First of all the script works fine in the terminal. The recording stops when I press CTRL-C or close the window. If I right-click in a folder and run the script, the file is created in that folder and the file size keeps increasing so I know it is recording. The problem is since there is no terminal to close and pressing Ctrl-C doesn't work I don't know how to stop the script when the music ends.
you can use the the ps command to look up the process id, and then use the kill command to kill the corresponding process. There are also commands like pkill and killall that you may want to investigate.
hmm the cure seems almost as painful as the problem. I will post the script which I ot from someone here, I forget who. Maybe some one could figure out how to stop it. I have another script which I was able to put in the application menu that converts temperatures from one scale to another. This had a menu and was straight-forward and easy to understand. This script refers to stuff I don't know much about. anyway here is the script:
Code:
#!/bin/bash
# Copyright 2008-2009, Kees Cook <kees@outflux.net>
#
# Records the PulseAudio monitor channel.

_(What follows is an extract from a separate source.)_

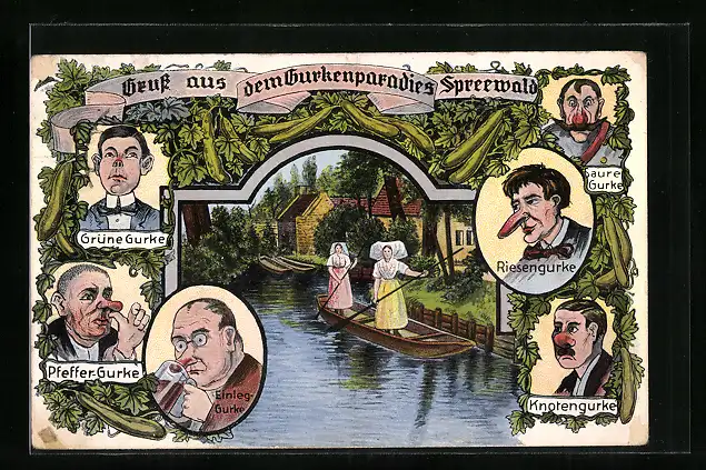 AK Spreewälderinnen in Tracht stehen in einem Kahn

# http://www.outflux.net/blog/archives/2009/04/19/recording-from-pulseaudio/
#
#This script require sox
#sudo apt-get install sox
if [ -n "$1" ]; then
OUTFILE="$1"
else
TIME=$(date +%d-%b-%y_%H%M-%Z)
OUTFILE="recording_$TIME.wav"
fi
# Get sink monitor:
MONITOR=$(pactl list | grep -A2 '^Source #' | grep 'Name: .*\.monitor$' | awk '{print $NF}' | tail -n1)
# Record it raw, and convert to a wav
echo "Recording. Ctrl-C or close window to stop"

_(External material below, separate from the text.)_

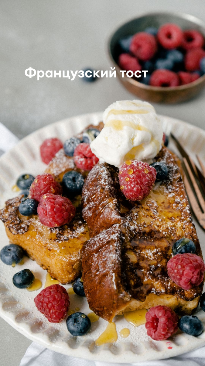 10. мёд, ягоды по вкусу Пошаговое приготовление: 1. Взбить яйца с сахаром, корицей и ванилью 2. Влить молоко и добавить мускатный орех 3. Булку или батон разрезать на толстые ломтики. 4. Окунуть каждый кусочек в яичную смесь на 1–2 минуты 5. Растопить сливочное масло на сковороде 6. Обжарить тосты на среднем огне до золотистой корочки 7. При подаче полить мёдом, украсить ягодами и мороженым Приятного аппетита! Если вам было полезно, то ставьте лайк и подписывайтесь! благодарю всех и ценю! Спасибо заранее!

parec -d "$MONITOR" | sox -t raw -r 44100 -sLb 16 -c 2 - "$OUTFILE"
# End of soundcap.sh
I *know* how to "kill" the process. I can do that by running terminal and doing a ctrl-c. I wanted something more elegant. I tried a read command at the end of the script but that didn't do it. What I wanted was when I clicked on the script, after I put in the applications menu, for the script to open in terminal and wait there for to to either press a key or type ctrl c. Here is a simple script that illustrates what I want to do.
Code:
#!/bin/bash
echo "*** Converting between the different temperature scales ***"
echo "1. Convert Celsius temperature into Fahrenheit"
echo "2. Convert Fahrenheit temperatures into Celsius"
echo -n "Select your choice (1-2) : "
read choice
if [ $choice -eq 1 ]
then
echo -n "Enter temperature (C) : "
read tc
# formula Tf=(9/5)*Tc+32
tf=$(echo "scale=2;((9/5) * $tc) + 32" |bc)
echo "$tc C = $tf F"
elif [ $choice -eq 2 ]
then
echo -n "Enter temperature (F) : "
read tf
# formula Tc=(5/9)*(Tf-32)
tc=$(echo "scale=2;(5/9)*($tf-32)"|bc)
echo "$tf = $tc"
else
echo "Please select 1 or 2 only"
exit 1
fi
echo -n "
I tried "read choice" like they did to hold the window open but it didn't work
What I wanted was when I clicked on the script, after I put in the applications menu, for the script to open in terminal and wait there for to to either press a key or type ctrl c.
Ahh, in that case you should modify what happens when you "click on the script". Instead of running the script directly, try something like:
You may be able to just put that exact line in place of the script you were previously running.
If that doesn't work try putting the above line in a script of it own.
Quote:
and will that command call the script "script.sh" which, I assume is my sound capture script?
Yes. Check the man page for xterm to understand what the -e option does. You man also be interested in -T and -n.